Entropy triggering offers a notable efficiency advantage: step count is only 60% and wall-clock time only 39% of rule-based triggering, while maintaining comparable accuracy.
A 4B experience model can effectively guide a 32B agent (GAIA +5.2%, xbench +9.7%), validating the feasibility of weak-to-strong guidance.
Experience guidance increases entropy at process steps (promoting exploration) and decreases entropy at answer steps (enhancing convergence), forming a "diverge-then-converge" behavioral pattern.
Performance remains robust even when only one experience per topic is retained, indicating that the experience model can generalize from a small number of seed experiences.

Highlights & Insights¶

Shifting experience intervention from passive global injection to proactive step-level seeking represents a paradigm-level innovation.
Leveraging the model's own entropy signal as a trigger requires no additional reward model, making the approach both elegant and practical.
The "diverge-then-converge" entropy behavioral pattern provides an intuitive explanation of how ExpSeek operates internally.
Strong cross-task generalization: an experience base built from only 25% of WebWalkerQA data remains significantly effective across three out-of-distribution benchmarks.

Limitations & Future Work¶

Threshold estimation relies on the training set and the utility model's assessment of step quality; more accurate estimation strategies remain to be explored.
Effectiveness on non-web domains and broader toolsets has yet to be validated.
ExpSeek could be explored as a rollout augmentation technique for agentic reinforcement learning to improve convergence speed and sampling quality.

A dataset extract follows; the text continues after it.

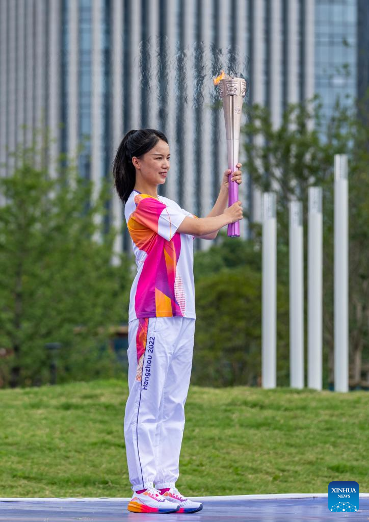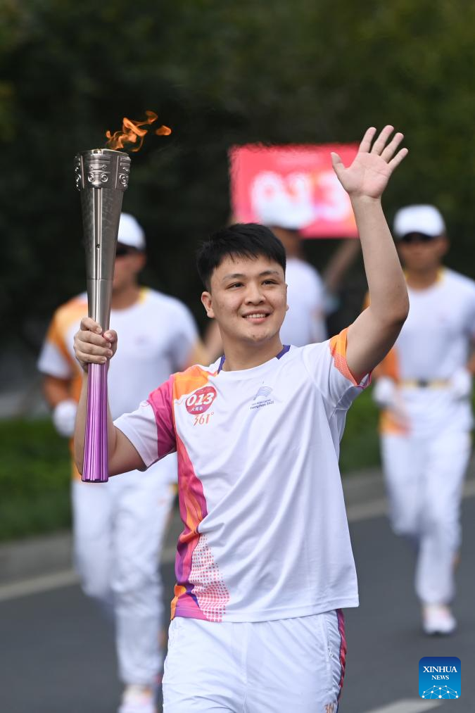 Torch bearer Wei Mengxi holds the torch during during the torch relay of the 19th Asian Games in Taizhou, east China's Zhejiang Province, Sept. 14, 2023. (Xinhua/Sun Fei)

ExpSeek is complementary to offline/online experience accumulation methods such as ReasoningBank, as it focuses on how experiences are utilized (timing and content) rather than how they are collected.
The successful application of entropy as an indicator of reasoning quality suggests broader possibilities for leveraging model uncertainty signals in other agent settings.
The successful demonstration of weak-model-guided strong-model inference offers a new direction for reducing guidance costs in practical deployments.

Rating¶

Novelty: ⭐⭐⭐⭐⭐ — Paradigm shift from passive injection to proactive seeking; entropy self-triggering mechanism is elegantly designed.
Experimental Thoroughness: ⭐⭐⭐⭐⭐ — Four benchmarks, two model scales, and extensive ablations and analyses covering efficiency, scaling behavior, transferability, and internal mechanisms.
Writing Quality: ⭐⭐⭐⭐ — Clear structure, well-motivated problem formulation, and in-depth experimental analysis.